### Task requirements
Omit all pictures, then retype exactly the lines from the one that contains "工作周報(bào)一覽可根據" through the end of the listing.

### Excerpted data
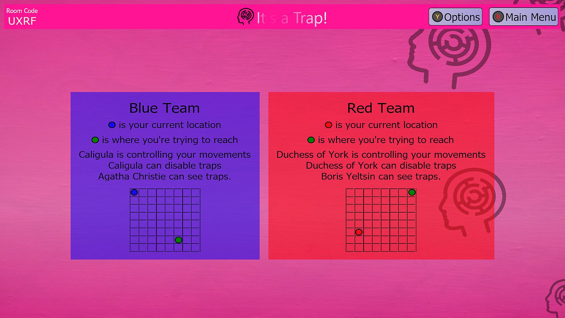 In It's a Trap! (3+ players on 1-2 teams), work with your teammates to get through a trap-filled maze when you each have limited information!
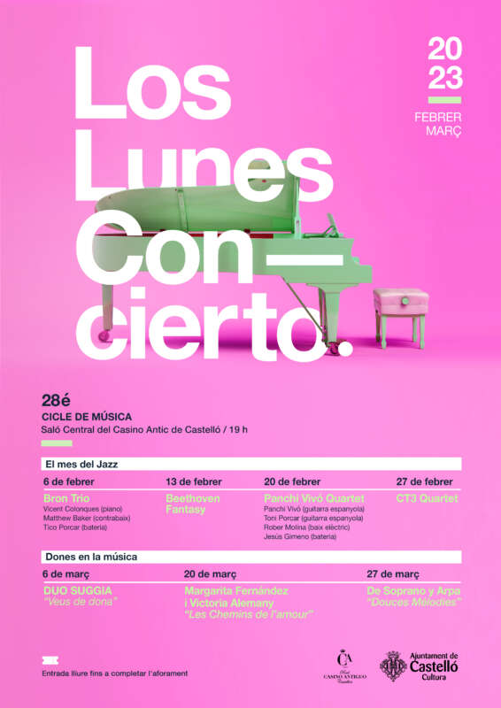 Los Lunes Concierto vuelve una temporada más a la agenda cultural de Castelló con siete conciertos dedicados al jazz durante el mes de febrero y a las mujeres en la música el mes de marzo. La Concejalía de Cultura ha programado el 28º ciclo al Real Casino Antiguo de Castelló desde este mismo lunes 6 de febrero hasta el 27 de marzo, haciendo un paréntesis para las fiestas de la Magdalena, con intérpretes muy conocidos en Castelló y la provincia, que se suman, por un lado, a la programación del Festival Jazz a Castelló, y por otra, a la programación alrededor del 8 de Marzo Día Internacional de las Mujeres.
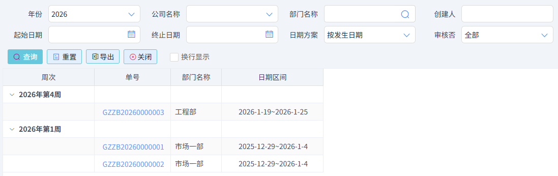 工作周報(bào)一覽可根據(jù)年份、公司名稱、部門名稱、創(chuàng)建人和日期查詢對(duì)應(yīng)周報(bào),如下圖所示:
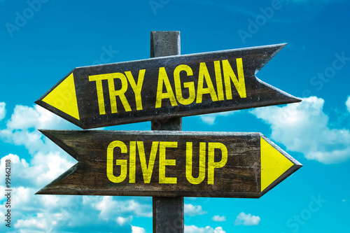Try Again - Give Up signpost with sky background
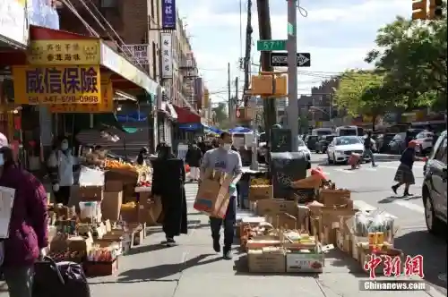 资料图:当地时间5月12日,纽约市布鲁克林八大道,商贩在摆摊做生意。中新社记者马德林摄
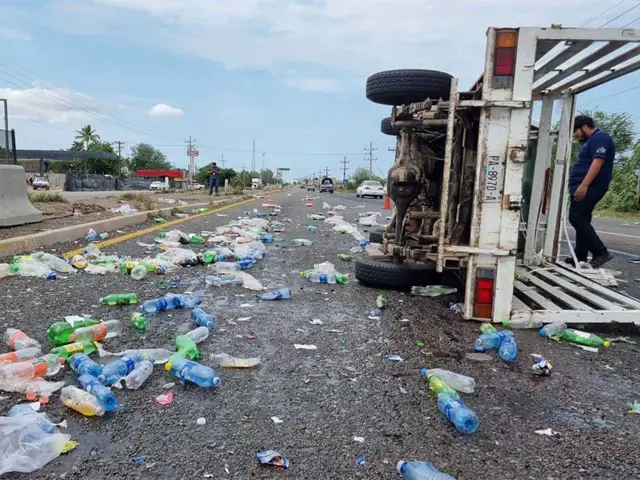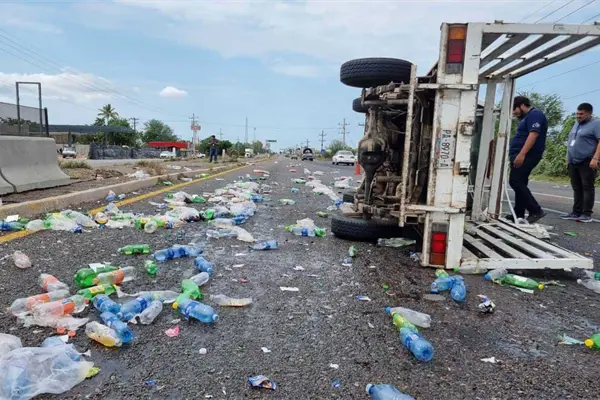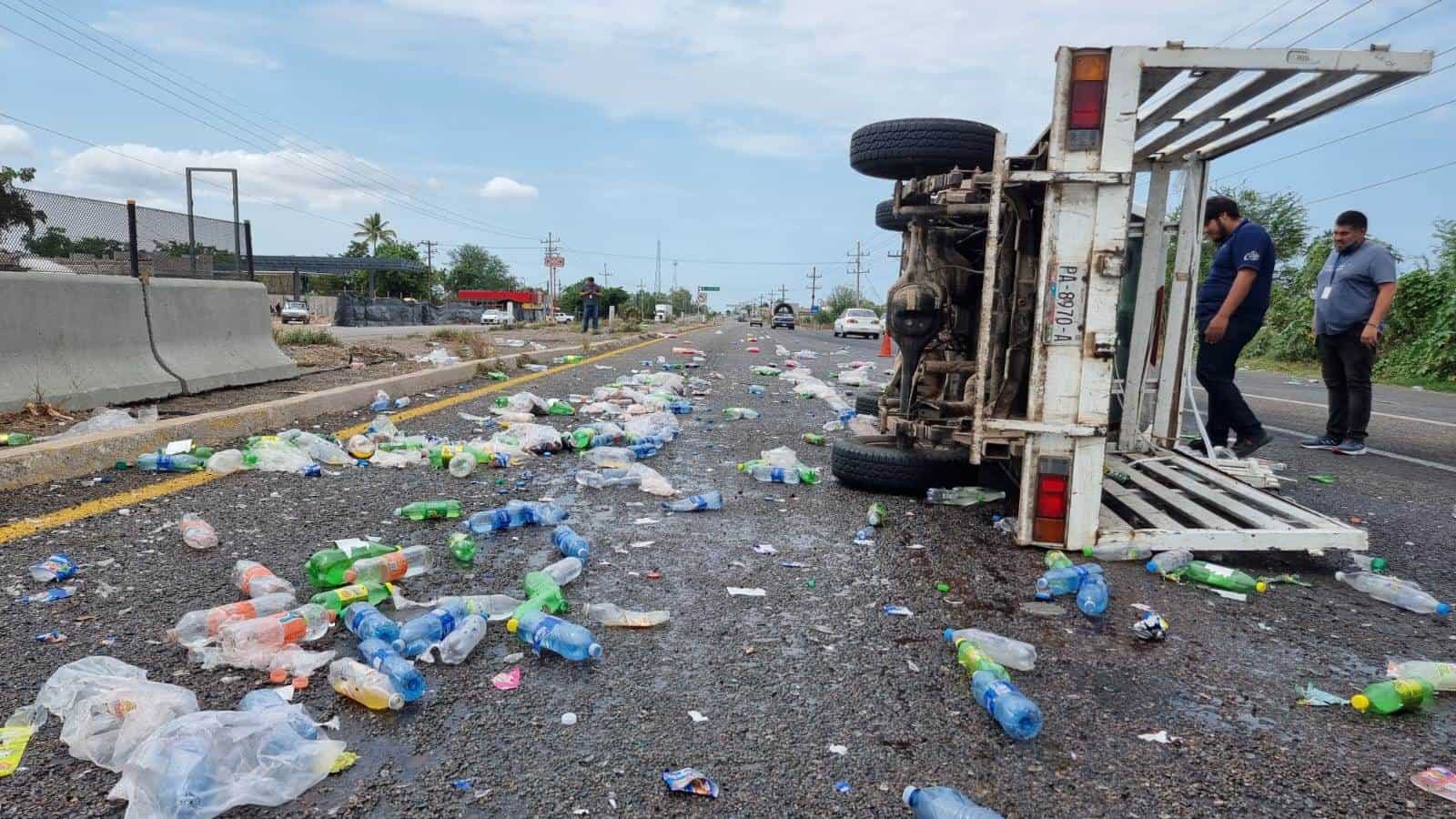 Una camioneta de una empresa refresquera terminó volcada a la altura del ejido Canan de la sindicatura de Costa Rica de Culiacán y debido a que había producto en buen estado, algunas personas aprovecharon para realizar actos de rapiña.

### Expected output
 工作周報(bào)一覽可根據(jù)年份、公司名稱、部門名稱、創(chuàng)建人和日期查詢對(duì)應(yīng)周報(bào),如下圖所示:
Try Again - Give Up signpost with sky background
 资料图:当地时间5月12日,纽约市布鲁克林八大道,商贩在摆摊做生意。中新社记者马德林摄
 Una camioneta de una empresa refresquera terminó volcada a la altura del ejido Canan de la sindicatura de Costa Rica de Culiacán y debido a que había producto en buen estado, algunas personas aprovecharon para realizar actos de rapiña.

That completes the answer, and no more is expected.